Clinical workflows can benefit from the assistance of large language models, which have become more prevalent in our everyday lives. For example, GitHub co-pilot, a variation of GPT trained on programming and scripting data, can aid in writing scripts for treatment planning systems resulting in more efficient planning workflows. Large language models may also help summarise vast amounts of patient medical data in various forms which may assist doctors make more informed clinical decisions.
In addition to GPU technology, the video game industry has also given us virtual reality technologies. These advances will lead to more intuitive methods of visualising medical data and be important for various clinical techniques, such as deep inspiration breath-hold and guiding the patient to reach the optimal inhalation limit. Virtual reality could also be important for education, both for staff and patients.
The movie industry has led to advancements in visual effects. Data synthesis using techniques adopted from the film and movie industry can be used to generate enormous amounts of training data automatically and rapidly. This allows machine learning models to be trained on large amounts of synthetic training data and then fine-tuned on real data to improve accuracy and robustness of predictions. This can be particularly useful in radiation oncology, where access to real clinical data may be limited or require ethics applications. Some examples of papers where synthetic training data have been used include for automotive applications (Alhaija et. al., 2017), synthetic glioblastomas generated in patient CT data (Birgit et. al., 2018), and automatically segmenting nanoparticle microscopy images (Mill et. al., 2020).

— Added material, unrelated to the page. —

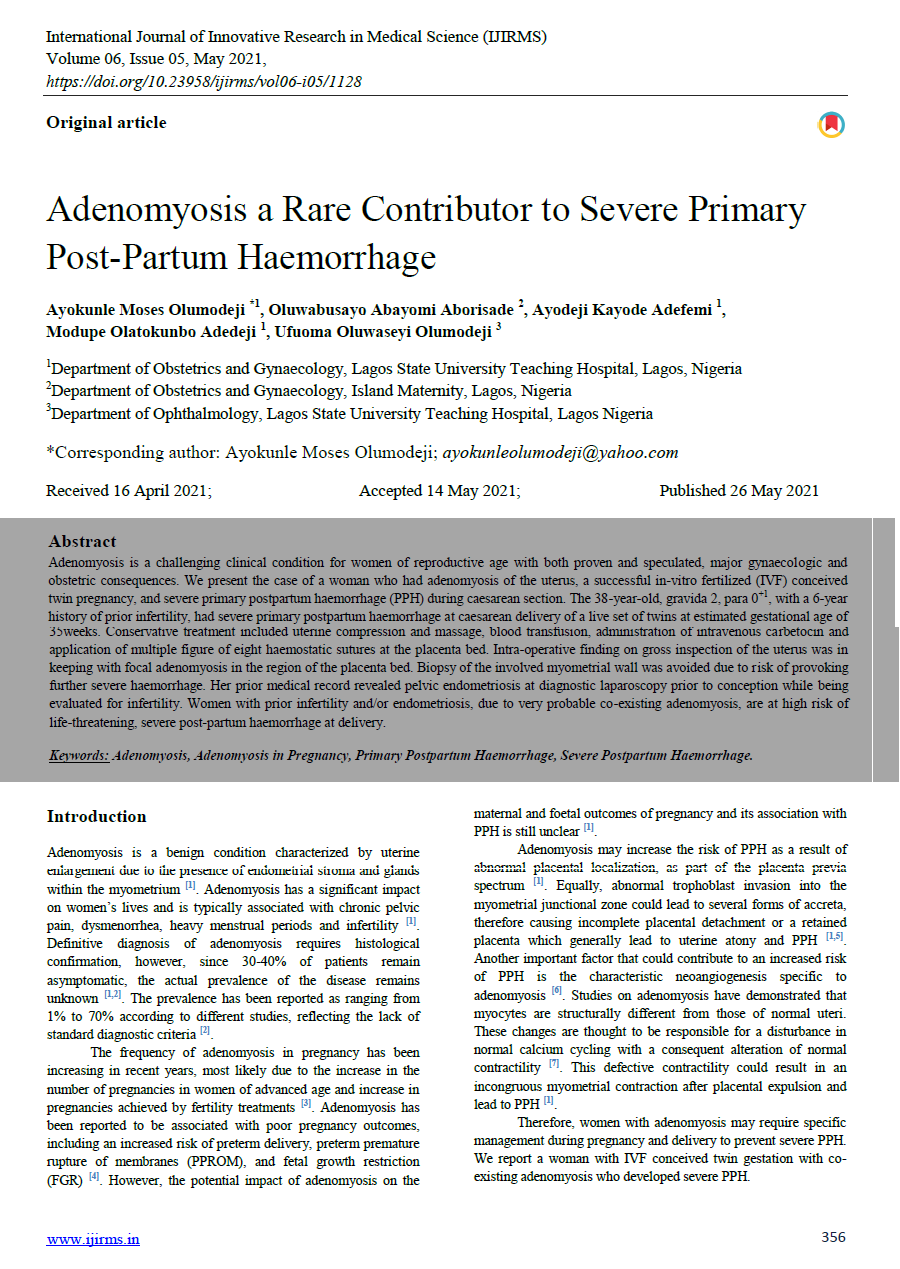 Adenomyosis a Rare Contributor to Severe Primary Post-Partum Haemorrhage

Smartphones, with their advanced sensors and 3D scanning technologies, have led to faster, high-quality, and more intuitive methods of collecting and visualising medical data. This could lead to new possibilities for 3D printing medical devices and boluses for radiation oncology. Smartphones have led to significant advancements in the field of 3D scanning, making it more cost-effective, radiation-free, and faster to reconstruct. These technologies can benefit patients through 3D printing of customised medical devices and bolus, radiation-free simulations for specialised treatments such as total body irradiation and total skin electron therapy without the need for a CT scan. This has the potential to improve patient care and make treatments more readily available.
Developments in GPU, 3D modelling software, and scanning hardware, driven by the movie, smartphone, and gaming industries, have reduced costs and enabled access to various research and clinical tools for radiation oncology. These advancements are leading to rapid development and providing many opportunities to explore novel technologies as medical physicists and clinicians. The future is likely to see even faster and more powerful GPUs, real-time visualisation of patient treatments, and the incorporation of large language models into clinical workflows.